近所の子に私が泣かされて帰ってきました。父は悔しかったのでしょう。おもちゃの刀を買ってきて、「これで仕返しして来い!」と私に言いました。しかし、私は刀を取り上げられて、泣いて帰ってきたそうです。

そのエピソードを小学生の頃、何度も聞かされました。何よりイヤだったのは、正月など親戚が集まる場で話されることです。親戚のオッサンから「しっかりしろよ!」と言われると、もう最悪でした。

家族心理学の重要な認識論に社会構成主義があります。現実とは、人々が対話を通して合意されていくものという考え方です。私の父が「(息子は)気が弱い男」と言いました。

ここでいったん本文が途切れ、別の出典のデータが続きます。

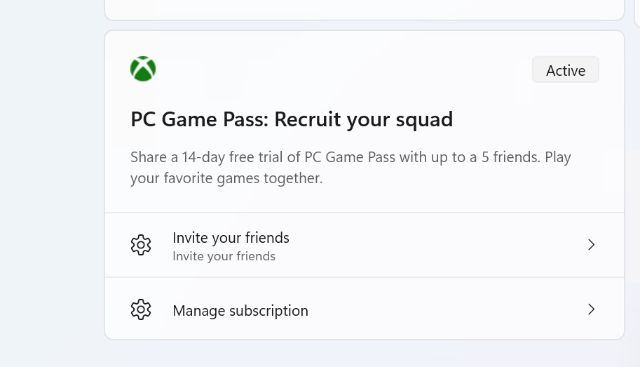 - Подписчики Game Pass Ultimate и PC Game Pass начнут видеть на главной странице настроек (приложение "Параметры") новую карточку для приглашения друзей попробовать PC Game Pass бесплатно. Карточка появится только при входе в учётную запись Microsoft и выполнении необходимых условий.
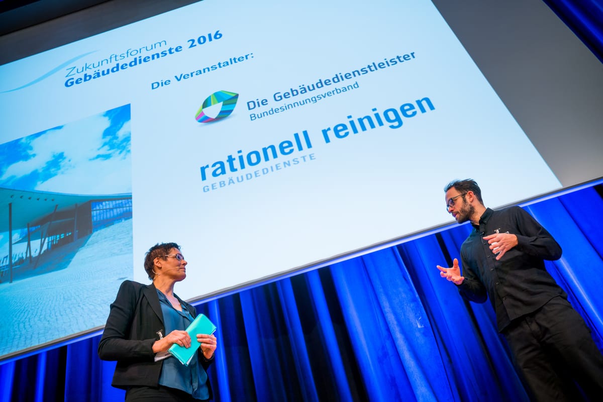 © André Wirsig/rationell reinigenGebäudedienste 2030: Worauf müssen sich Unternehmer im Gebäudereiniger-Handwerk einstellen und wie kann es gelingen, auch künftig erfolgreich zu bleiben? Zahlreiche Referenten - hier zu sehen: Daniel Domscheit-Berg mit Moderatorin Andrea Blome - gaben Antworten. -
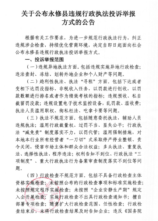 根据有关工作要求,为进一步规范行政执法行为,纠正违规涉企检查,持续优化营商环境,决定自即日起面向社会公布永修县违规行政执法投诉举报方式。
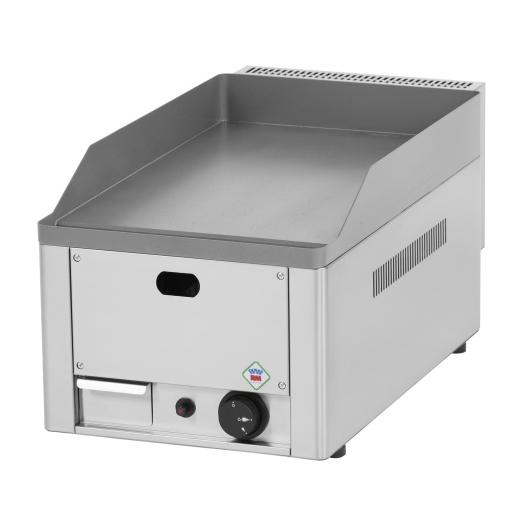 Гриль газова в корпусі з нержавіючої сталі. Гладка стільниця зі зносостійкої сталі. Призначений для смаження м'яса та овочів на грилі. Робоча плита має бортики, які запобігають випаданню продуктів з пристрою. Товщина дошки 12 мм гарантує правильний розподіл тепла по всій поверхні. П'єзоелектричний запальник. Ящик для жиру та залишків випічки. Пристрій поставляється з встановленими газовими форсунками пропан-бутан. Додатково в комплектацію входить форсунка для природного газу GZ-50.

親戚のオッサンが「しっかりしろよ!」と合意しました。

また、言葉の持つ意味は、環境や社会の価値観、時代、文化、常識の影響を受けています。当時の私の環境では、「気が弱い男」は情けない男という価値観がありました。

そうして、私は「気が弱い情けない男」という現実が構成されました。

自信を育てるには

同窓会では、同窓生の会話と合意によって、「リスクを取って起業した」「勇気がある」といったポジティブな現実が構成されました。

付き合う人によって、自己評価はポジティブ・ネガティブどちらにも振れます。自己評価を低下させる関係の一つはハラスメントを受けることです。ハラスメントは逃げるに限ります(逃げられない状況にいる方はごめんなさい。適切な支援が得られることを願っています)。

ハラスメントでなくても、自己評価を貶めるような相手より、自己評価が良い状態になる相手との関係を大切にしたいものです。